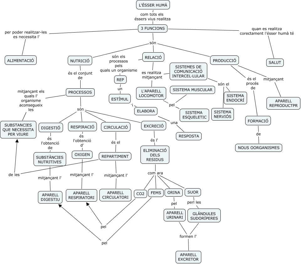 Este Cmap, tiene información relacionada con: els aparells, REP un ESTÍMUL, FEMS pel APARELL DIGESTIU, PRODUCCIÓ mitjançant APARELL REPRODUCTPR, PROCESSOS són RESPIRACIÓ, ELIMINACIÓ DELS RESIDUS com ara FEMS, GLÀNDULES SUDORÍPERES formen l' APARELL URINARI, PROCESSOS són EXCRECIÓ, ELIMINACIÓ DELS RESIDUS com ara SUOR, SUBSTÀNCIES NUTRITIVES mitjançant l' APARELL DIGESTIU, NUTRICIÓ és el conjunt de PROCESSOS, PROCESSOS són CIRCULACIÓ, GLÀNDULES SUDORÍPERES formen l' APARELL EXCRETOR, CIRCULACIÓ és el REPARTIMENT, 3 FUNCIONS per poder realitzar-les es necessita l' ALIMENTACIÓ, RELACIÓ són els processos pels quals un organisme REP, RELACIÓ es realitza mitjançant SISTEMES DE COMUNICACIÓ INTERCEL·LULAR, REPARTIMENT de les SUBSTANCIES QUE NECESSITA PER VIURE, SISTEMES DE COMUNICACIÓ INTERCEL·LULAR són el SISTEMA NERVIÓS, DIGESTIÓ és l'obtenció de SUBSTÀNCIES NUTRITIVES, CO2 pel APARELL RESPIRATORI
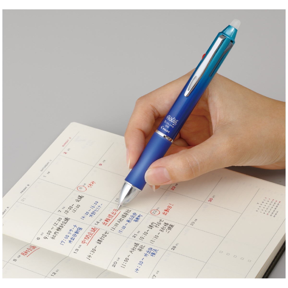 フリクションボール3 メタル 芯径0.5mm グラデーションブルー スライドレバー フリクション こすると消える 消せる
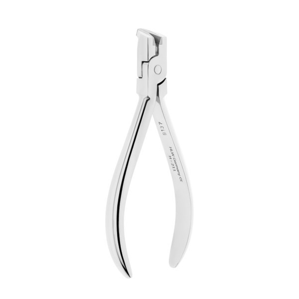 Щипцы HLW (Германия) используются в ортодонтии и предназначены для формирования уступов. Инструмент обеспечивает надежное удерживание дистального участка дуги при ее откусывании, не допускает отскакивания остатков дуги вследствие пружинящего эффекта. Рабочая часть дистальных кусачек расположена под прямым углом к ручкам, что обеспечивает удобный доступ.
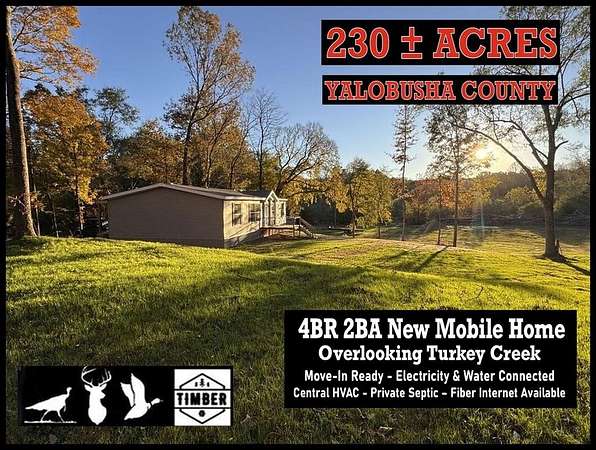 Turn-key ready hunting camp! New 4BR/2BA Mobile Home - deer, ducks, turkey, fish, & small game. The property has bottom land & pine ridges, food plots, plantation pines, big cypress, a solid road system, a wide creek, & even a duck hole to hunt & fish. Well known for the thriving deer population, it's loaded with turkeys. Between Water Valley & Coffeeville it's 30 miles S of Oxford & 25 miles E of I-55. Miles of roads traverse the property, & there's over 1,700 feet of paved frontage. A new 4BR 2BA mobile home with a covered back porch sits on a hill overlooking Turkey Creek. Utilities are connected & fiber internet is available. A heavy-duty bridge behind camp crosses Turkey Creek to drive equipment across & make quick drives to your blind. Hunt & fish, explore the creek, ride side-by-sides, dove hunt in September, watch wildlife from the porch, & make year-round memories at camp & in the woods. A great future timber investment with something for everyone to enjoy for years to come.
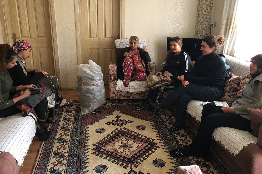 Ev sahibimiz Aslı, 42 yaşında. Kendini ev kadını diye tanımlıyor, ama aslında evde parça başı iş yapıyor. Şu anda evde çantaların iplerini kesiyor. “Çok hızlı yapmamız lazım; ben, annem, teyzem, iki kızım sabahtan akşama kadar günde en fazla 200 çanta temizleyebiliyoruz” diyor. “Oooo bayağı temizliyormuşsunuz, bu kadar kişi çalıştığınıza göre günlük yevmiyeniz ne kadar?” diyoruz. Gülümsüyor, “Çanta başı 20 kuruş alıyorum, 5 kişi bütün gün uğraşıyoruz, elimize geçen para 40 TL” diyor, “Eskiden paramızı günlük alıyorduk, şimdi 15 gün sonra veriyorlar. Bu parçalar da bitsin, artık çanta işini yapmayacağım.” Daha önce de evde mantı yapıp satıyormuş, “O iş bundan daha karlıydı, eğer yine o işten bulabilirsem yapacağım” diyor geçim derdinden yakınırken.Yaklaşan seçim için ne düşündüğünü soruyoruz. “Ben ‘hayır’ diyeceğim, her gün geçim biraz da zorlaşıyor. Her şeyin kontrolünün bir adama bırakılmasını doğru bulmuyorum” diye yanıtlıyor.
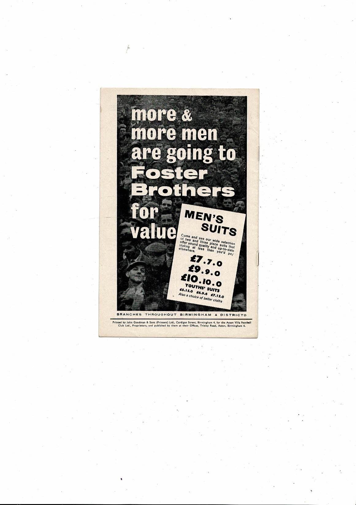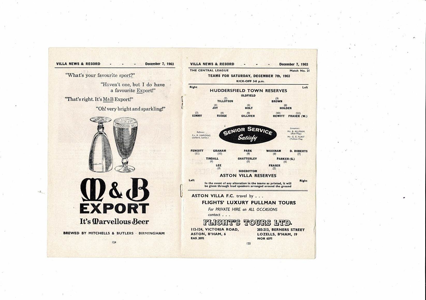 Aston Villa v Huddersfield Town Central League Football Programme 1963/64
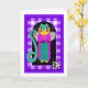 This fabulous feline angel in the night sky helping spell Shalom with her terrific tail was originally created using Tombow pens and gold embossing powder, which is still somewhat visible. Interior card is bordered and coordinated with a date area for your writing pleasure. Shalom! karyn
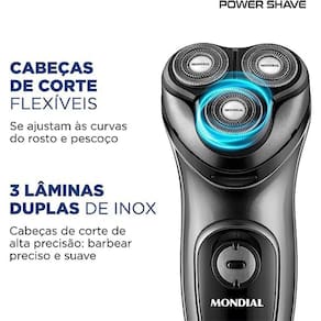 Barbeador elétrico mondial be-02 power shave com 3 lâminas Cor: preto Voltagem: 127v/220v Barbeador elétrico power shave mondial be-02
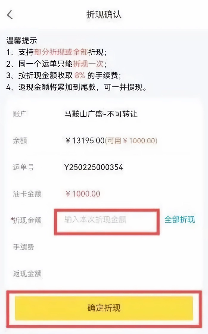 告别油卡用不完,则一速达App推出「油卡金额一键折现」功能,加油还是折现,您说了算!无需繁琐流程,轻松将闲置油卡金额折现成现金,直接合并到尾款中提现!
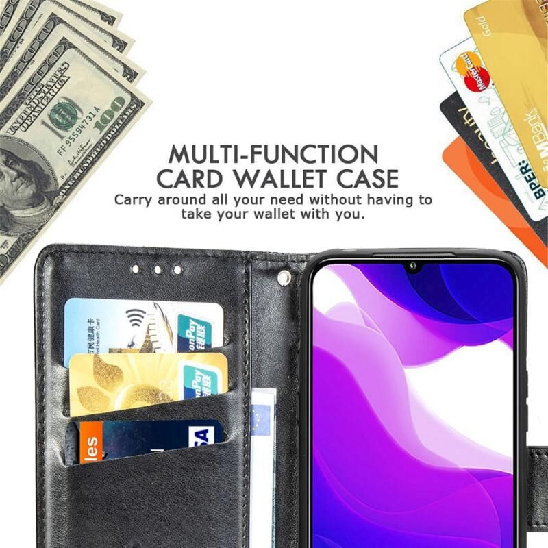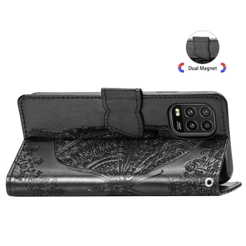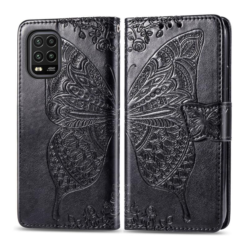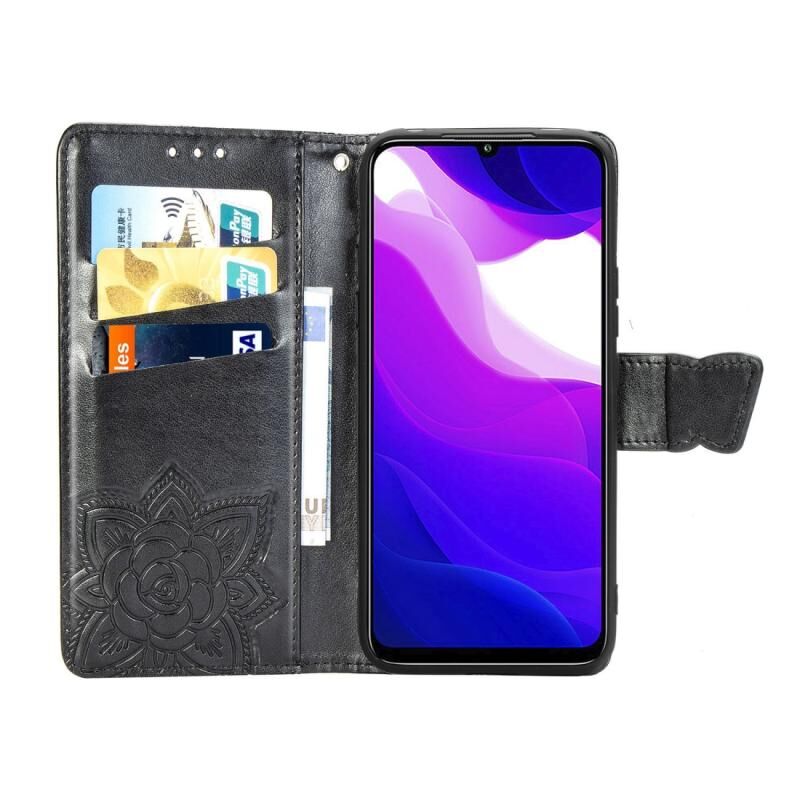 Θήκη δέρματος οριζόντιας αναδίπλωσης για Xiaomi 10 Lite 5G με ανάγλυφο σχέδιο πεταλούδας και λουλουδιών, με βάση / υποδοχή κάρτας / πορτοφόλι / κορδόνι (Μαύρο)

> _HOW TO COMPLETE THIS TASK_:
Give back the entries verbatim but drop every picture.

> _TASK RESULT_:
 Este Cmap, tiene información relacionada con: els aparells, REP un ESTÍMUL, FEMS pel APARELL DIGESTIU, PRODUCCIÓ mitjançant APARELL REPRODUCTPR, PROCESSOS són RESPIRACIÓ, ELIMINACIÓ DELS RESIDUS com ara FEMS, GLÀNDULES SUDORÍPERES formen l' APARELL URINARI, PROCESSOS són EXCRECIÓ, ELIMINACIÓ DELS RESIDUS com ara SUOR, SUBSTÀNCIES NUTRITIVES mitjançant l' APARELL DIGESTIU, NUTRICIÓ és el conjunt de PROCESSOS, PROCESSOS són CIRCULACIÓ, GLÀNDULES SUDORÍPERES formen l' APARELL EXCRETOR, CIRCULACIÓ és el REPARTIMENT, 3 FUNCIONS per poder realitzar-les es necessita l' ALIMENTACIÓ, RELACIÓ són els processos pels quals un organisme REP, RELACIÓ es realitza mitjançant SISTEMES DE COMUNICACIÓ INTERCEL·LULAR, REPARTIMENT de les SUBSTANCIES QUE NECESSITA PER VIURE, SISTEMES DE COMUNICACIÓ INTERCEL·LULAR són el SISTEMA NERVIÓS, DIGESTIÓ és l'obtenció de SUBSTÀNCIES NUTRITIVES, CO2 pel APARELL RESPIRATORI
 フリクションボール3 メタル 芯径0.5mm グラデーションブルー スライドレバー フリクション こすると消える 消せる
 Щипцы HLW (Германия) используются в ортодонтии и предназначены для формирования уступов. Инструмент обеспечивает надежное удерживание дистального участка дуги при ее откусывании, не допускает отскакивания остатков дуги вследствие пружинящего эффекта. Рабочая часть дистальных кусачек расположена под прямым углом к ручкам, что обеспечивает удобный доступ.
 Turn-key ready hunting camp! New 4BR/2BA Mobile Home - deer, ducks, turkey, fish, & small game. The property has bottom land & pine ridges, food plots, plantation pines, big cypress, a solid road system, a wide creek, & even a duck hole to hunt & fish. Well known for the thriving deer population, it's loaded with turkeys. Between Water Valley & Coffeeville it's 30 miles S of Oxford & 25 miles E of I-55. Miles of roads traverse the property, & there's over 1,700 feet of paved frontage. A new 4BR 2BA mobile home with a covered back porch sits on a hill overlooking Turkey Creek. Utilities are connected & fiber internet is available. A heavy-duty bridge behind camp crosses Turkey Creek to drive equipment across & make quick drives to your blind. Hunt & fish, explore the creek, ride side-by-sides, dove hunt in September, watch wildlife from the porch, & make year-round memories at camp & in the woods. A great future timber investment with something for everyone to enjoy for years to come.
 Ev sahibimiz Aslı, 42 yaşında. Kendini ev kadını diye tanımlıyor, ama aslında evde parça başı iş yapıyor. Şu anda evde çantaların iplerini kesiyor. “Çok hızlı yapmamız lazım; ben, annem, teyzem, iki kızım sabahtan akşama kadar günde en fazla 200 çanta temizleyebiliyoruz” diyor. “Oooo bayağı temizliyormuşsunuz, bu kadar kişi çalıştığınıza göre günlük yevmiyeniz ne kadar?” diyoruz. Gülümsüyor, “Çanta başı 20 kuruş alıyorum, 5 kişi bütün gün uğraşıyoruz, elimize geçen para 40 TL” diyor, “Eskiden paramızı günlük alıyorduk, şimdi 15 gün sonra veriyorlar. Bu parçalar da bitsin, artık çanta işini yapmayacağım.” Daha önce de evde mantı yapıp satıyormuş, “O iş bundan daha karlıydı, eğer yine o işten bulabilirsem yapacağım” diyor geçim derdinden yakınırken.Yaklaşan seçim için ne düşündüğünü soruyoruz. “Ben ‘hayır’ diyeceğim, her gün geçim biraz da zorlaşıyor. Her şeyin kontrolünün bir adama bırakılmasını doğru bulmuyorum” diye yanıtlıyor.
 Aston Villa v Huddersfield Town Central League Football Programme 1963/64
 This fabulous feline angel in the night sky helping spell Shalom with her terrific tail was originally created using Tombow pens and gold embossing powder, which is still somewhat visible. Interior card is bordered and coordinated with a date area for your writing pleasure. Shalom! karyn
 Barbeador elétrico mondial be-02 power shave com 3 lâminas Cor: preto Voltagem: 127v/220v Barbeador elétrico power shave mondial be-02
 告别油卡用不完,则一速达App推出「油卡金额一键折现」功能,加油还是折现,您说了算!无需繁琐流程,轻松将闲置油卡金额折现成现金,直接合并到尾款中提现!
 Θήκη δέρματος οριζόντιας αναδίπλωσης για Xiaomi 10 Lite 5G με ανάγλυφο σχέδιο πεταλούδας και λουλουδιών, με βάση / υποδοχή κάρτας / πορτοφόλι / κορδόνι (Μαύρο)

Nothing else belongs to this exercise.